Author: Iman Kamyabi

Introduction

Mlflow is an open source framework for managing machine learning projects lifecycle. By default, it persists metadata and artifacts associated with ML experiments locally. In order to collaborate on those experients and to avoid loosing any local data you need to configure a remote backend and artifact storage.

In this article I will explain how to create an Mlflow Tracking Server using Amazon S3 as the artifact store and Amazon Aurora Serverless as the backend store.

MLflow Components:

The following lists the 3 main mlflow functions:

  • Tracking Experiments Logging code versions, parameters, metrics and outputs when running ml code. (ML Governance)

  • Packaging ML Projects Standardize packaging Data Science projects by conventions so it's organized, reusable and reproducable

  • Packaging ML models Standardize packaging different 'flavors' of ml models and makes it consumable through Rest API and Python libraries

Tracking MLFlow on local file disk

In the following I will demonstrate basic use of mlflow by using local file disk for persisting metadata and artifacts.
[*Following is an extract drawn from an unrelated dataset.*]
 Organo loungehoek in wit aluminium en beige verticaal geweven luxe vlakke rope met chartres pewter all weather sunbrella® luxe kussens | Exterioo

Later I will show how to change this to AWS-Backed infrastructure so we can collaborate on experiments and avoid losing data.

Set Up Workspace

In this step we will create an mlflow project, add a sample script and run an experiment.

Install mlflow:

Run the following command to install mlflow using Python 3:

pip3 install mlflow

Create a new directory 'mlflow-aws' and navigate to that directory.

mkdir mlflow-aws
cd mlflow-aws

Create a new file 'tracking.py':

import os
from random import random, randint

from mlflow import log_metric, log_param, log_artifacts

if __name__ == "__main__":
    print("Running mlflow_tracking.py")

    log_param("param1", randint(0, 100))
    
    log_metric("foo", random())
    log_metric("foo", random() + 1)
    log_metric("foo", random() + 2)

    if not os.path.exists("outputs"):
        os.makedirs("outputs")
    with open("outputs/test.txt", "w") as f:
        f.write("hello world!")

    log_artifacts("outputs")

before we run the script let's go over some of the Mlflow APIs used in the script above. 'log_param' is used to log a specific parameters are string key value pairs and can be used to store configurations such as HyperParameters. 'log_metric' logs a metric. Metrics are numbers than can be updated. (for example during each iteration of an ml model training). 'log_artifact' persist an artifact (such as model artifact or images).
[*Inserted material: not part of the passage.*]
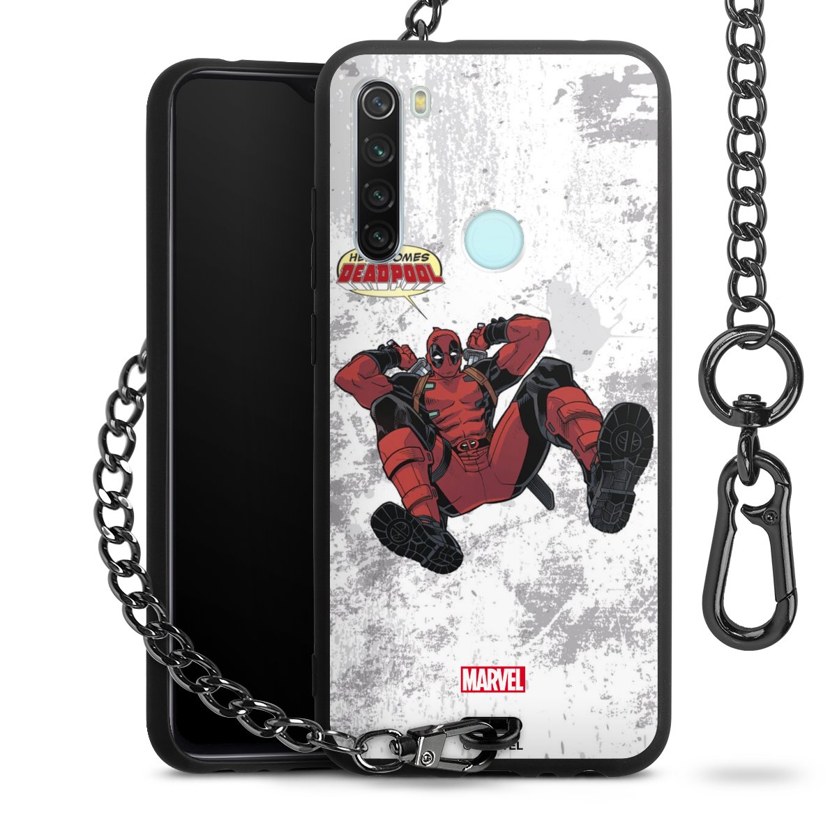 Die mattschwarze Silikon-Handyhülle besteht aus robustem TPU (thermoplastisches Polyurethan). Sie ist flexibel und schützt Dein Smartphone vor Stößen und Kratzern. Die Kette sowie der Karabinerhaken sind aus Metall in Gunmetal-Optik gefertigt. Für dieses Produkt kommen ausschließlich TÜV-geprüfte Materialien zum Einsatz.

Now run the python script:

python3 tracking.py

When running the above script mlflow stores metadata and artifacts locally with a similar directory structure as following:

├── mlruns
│   └── 0
│       ├── 87baf228b4494cbead68274107a19809
│       │   ├── artifacts
│       │   │   └── test.txt
│       │   ├── meta.yaml
│       │   ├── metrics
│       │   │   └── foo
│       │   ├── params
│       │   │   └── param1
│       │   └── tags
│       │       ├── mlflow.source.name
│       │       ├── mlflow.source.type
│       │       └── mlflow.user
│       └── meta.yaml
├── outputs
│   └── test.txt
└── tracking.py

Now that we got it working locally let's set up a cloud metadata (for storing params, metrics, and tags for runs) and artifact storage (for storing model artifacts) backed by AWS.

Architecture

The following diagram shows a layered view of the architecture we will be using.

Backend Storage (Aurora)

Backend Storage is used to store parameters, metrics, and tags for runs.

Backend storage can be file-based or backed by a databse with SQLAlchemy URL.

Here we use a database and utilize AWS Aurora Serverless to spin up our RDS cluster as a database is a better option to query these metadatas at scale.

Artifact Storage (S3)

For storing artifacts there are couple of options. It can be stored locally or on Amazon S3, Azure Blob, Google Cloud Storage, FTP Server, SFTP Server, NFS or HDFS.

Here we use Amazon S3 as a managed object storage service to store the artifacts.

Mlflow Server (Docker)

As the name implies, mlflow server starts a web server that acts as an API layer between the client python code and the backend storage.

This server can be ran locally, remotely (in a EC2 instance for example) or locally inside a docker container. Here we use a local docker container as 1- The server itself doesn't contain any state data (we store them on S3 and Aurora database) so there is no need to run it remotely and 2- Running docker helps us to run a containerized version of mlflow and all of it's runtime dependencies instead of installing all those.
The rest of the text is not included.